Task statement:
Retype all of the data word for word, without pictures.

Information shown:
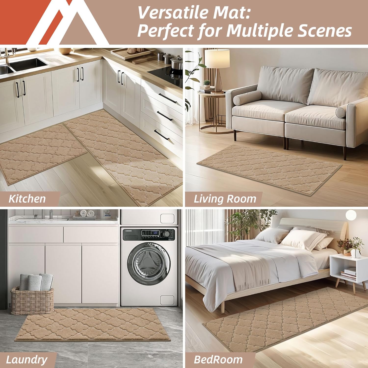COSY HOMEER Soft Floor Mats for in Front of Sink Super Absorbent Kitchen Rugs 20"x59" Non-Skid Standing Mat Washable,Polyester,Beige
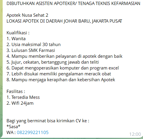 Disclaimer: Farmacare bertindak sebagai platform penyedia informasi dan tidak bertanggung jawab atas isi maupun keakuratan materi lowongan kerja yang dipasang oleh pihak ketiga. Kami mengimbau seluruh pelamar untuk selalu waspada terhadap segala bentuk penipuan yang mengatasnamakan proses rekrutmen. Ingatlah bahwa proses rekrutmen yang resmi tidak pernah memungut biaya apa pun (seperti biaya tiket, akomodasi, atau biaya admin). Selalu lakukan verifikasi mandiri sebelum memberikan data pribadi atau melakukan transaksi.
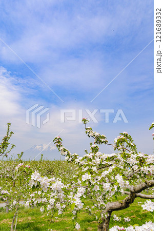 青森 岩木山麓 りんごの木と山桜

Result of this task:
COSY HOMEER Soft Floor Mats for in Front of Sink Super Absorbent Kitchen Rugs 20"x59" Non-Skid Standing Mat Washable,Polyester,Beige
 Disclaimer: Farmacare bertindak sebagai platform penyedia informasi dan tidak bertanggung jawab atas isi maupun keakuratan materi lowongan kerja yang dipasang oleh pihak ketiga. Kami mengimbau seluruh pelamar untuk selalu waspada terhadap segala bentuk penipuan yang mengatasnamakan proses rekrutmen. Ingatlah bahwa proses rekrutmen yang resmi tidak pernah memungut biaya apa pun (seperti biaya tiket, akomodasi, atau biaya admin). Selalu lakukan verifikasi mandiri sebelum memberikan data pribadi atau melakukan transaksi.
 青森 岩木山麓 りんごの木と山桜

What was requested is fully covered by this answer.